Publishing a static website should be simple, fast, and predictable. Yet in many tools, you still have to deal with multiple steps: build processes, configuration, hosting, or integration with third-party services.

This complexity slows down publishing, even for very simple projects like landing pages, presentation pages, or small showcase websites.

In this article, we explain how Ekit Studio allows you to deploy a static website in 1 minute, with a direct workflow and no unnecessary configuration.

Why publishing a static website still takes too much time

In theory, a static website is one of the simplest things to publish. In practice, you often have to chain together multiple tools: editor, Git repository, build pipeline, hosting provider, domain configuration, and sometimes even a separate preview layer.

This setup is not necessarily a problem for experienced teams, but it creates unnecessary friction when the goal is simply to publish quickly.

The real issue is not the static website itself, but the accumulation of technical steps around deployment.

What a good static deployment workflow should provide

  • A project that is immediately ready to be published
  • A stable and predictable rendering before going live
  • A deployment triggered directly from the studio, without external configuration
  • A URL available immediately after publishing
  • A workflow simple enough to iterate very quickly

Video demo

In this short video, we walk how to deploy a static website in 1 minute with Ekit Studio.

How deployment works in Ekit Studio

The idea is intentionally simple: prepare your site in the studio, check the rendering, then launch the deployment by setting a custom domain name.

In a basic scenario, the workflow looks like this: create or open a project, review the page or template, trigger publication, and immediately get the live URL of your website.

That’s the key benefit: everything happens in the same environment from start to finish, without jumping between multiple services to accomplish something that should remain simple.

Why it can actually take one minute

When your project is already structured and the rendering is ready, the time to go live becomes extremely short because there is no additional technical chain to assemble.

The time savings don’t come from a marketing promise, but from removing the usual friction: no infrastructure configuration, no fragmented deployment steps, and no dependency on multiple interfaces.

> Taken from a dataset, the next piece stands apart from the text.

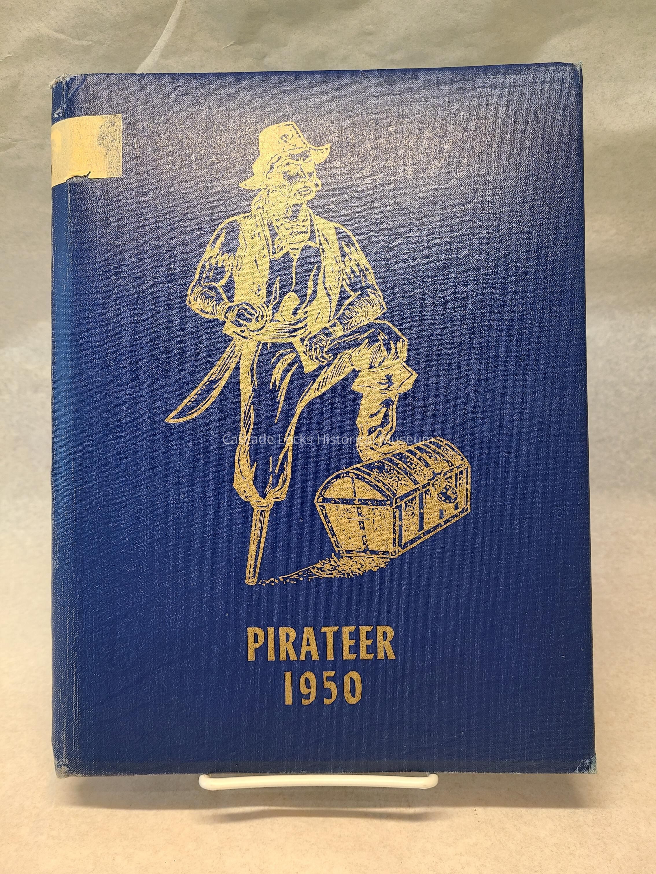 Yearbook, Cascade Locks High School 1949-1950. Front cover is navy blue with gold illustration of a pirate and gold font.

In other words, speed comes from the workflow itself: editing, preview, and publishing are all combined in a single tool.

How Ekit Studio simplifies this workflow

Ekit Studio centralizes creation, structuring, and publishing in a single environment.

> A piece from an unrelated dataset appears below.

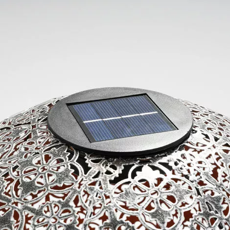 Die Solarkugel Basima ist der strahlende Mittelpunkt eines bezaubernden Farb- und Schattenspiels, das uns an die Märchen aus 1001 Nacht denken lässt: Das hochwertige Stahlblech, aus dem die große Kugel gefertigt ist, wird von einem filigranen Muster aus symmetrischen Blütenformen durchbrochen, durch das sich das bernsteinfarbene Licht der LED als Muster über den Boden ergießt. Die warm-orangene Farbgebung wird noch durch einen sanften Terrakotta-Ton verstärkt, mit dem die Innenseite der Solarkugel versehen ist.

Instead of relying on an external chain to deploy, the studio keeps a continuous flow between editing, preview, and going live.

This makes static website deployment much more accessible for prototypes, landing pages, product demos, or small sites that need to go live quickly.

When this type of deployment is especially useful

This workflow is particularly useful for marketing landing pages, product demos, temporary pages, client mini-sites, or MVPs that need to be visible quickly.

It is also ideal for fast iteration: update, republish, verify. The shorter the cycle, the easier it becomes to test ideas.

For many projects, the real value is not just publishing quickly once, but being able to republish without friction after every improvement.

What this approach does not try to do

The goal is not to replace advanced deployment workflows or complex infrastructure scenarios.

For highly specific architectures with strong DevOps constraints, a custom pipeline may still be relevant.

But for a large number of real-world use cases, especially when speed is the priority, simplifying is often more valuable than adding another technical layer.

Deploying a static website should not require more effort than building the site itself.

When publishing is integrated into the tool, going live becomes a natural, fast, and repeatable step. That’s exactly the idea behind this Ekit Studio demonstration.

Discussion

  • In your current workflow, what takes the most time before a static website goes live?
  • Do you prefer an integrated deployment inside the studio or a separate toolchain?
  • For your projects, is the priority simplicity, speed, or full infrastructure control?